I swear, every single member of my group has probably played more D&D than every single person who's posted here combined, 1st-3.5rd editions.....and SOMEHOW 4th Edition made us stop playing almost entirely. 4th edition is THAT type of epic fail.


That being said (all about the rules and mechanic mind you), I actually rather like the 4th edition basic campaign setting (Yay for Asmodeus finally being a god!).
I RESENT that generalization, sir! I've been playing D&D almost since I was mentally capable of understanding the rules. Currently in four groups, two of them as the DM, two as players.

I compromised between 2nd and 3.x, if it comes down to using fourth or not playing; I'm not playing at all.
 

Alex_P

All I really do is threadcrap
Mar 27, 2008
2,712
0
0
Chibz said:
Yes, but that's no reason to cut it on the people who actually USE this material. If/when my books get published (some day...) the strict rule will be: Material goes in. No material comes out. And nothing (NOTHING) will get moved around/altered at the whim of another.

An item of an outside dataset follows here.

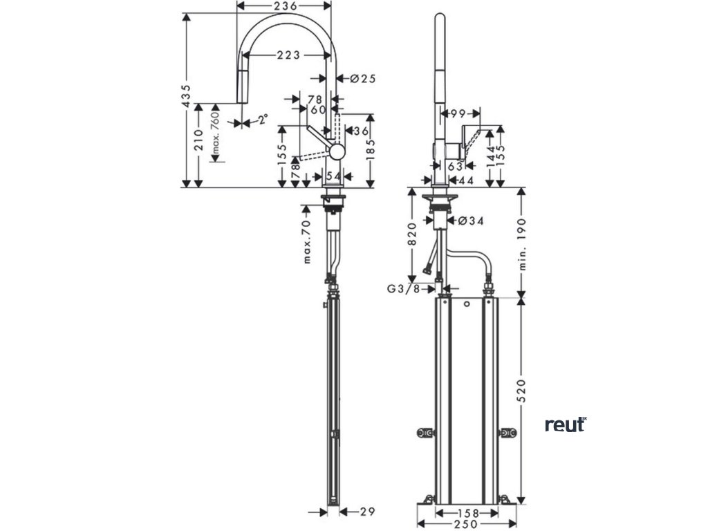 Hansgrohe M54 Drezová batéria Talis s výsuvnou koncovkou, sBox, matná čierna 72803670-HG

You created a spiffy new race, but I'd need to change my setting? I don't care. *mimes tossing something away*
This doesn't work. I mean, jeez. Look at comic books.

Continually adding stuff to a fictional universe over the course of several decades without replacing or deleting anything results in a muddled, byzantine, patchwork setting. How do you expect new people to get into that? How do you expect writers to be cool and inventive when all they're allowed to do is fill in a few narrow gaps?

If you like Dis, you already have two or three books with write-ups of Dis in them. Do you really want to see another one with the same old stuff? Just so it can be counted as "canon" again?

...

For good or for ill, D&D is the gateway pen-and-paper RPG and will continue to be that for at least the next half-decade. I want it to be the best damn gateway game it can be. Most people playing D&D aren't twenty-year veterans who've been playing in the same campaign world since Clinton was in office. They're high-school kids who want to try out something that sounds fun.

The current edition of D&D needs to not alienate new players and it needs not to brain-damage them with stupid ideas about "how to role-play". That's all I care about. I don't need D&D to cater to me. I can go find another game I'll like. I don't think new editions should try to please the diehards and grognards, either. They already have a game they like: whatever older edition happens to be their favorite. If their established-fan tastes conflict with what works best for new players, well, fuck them.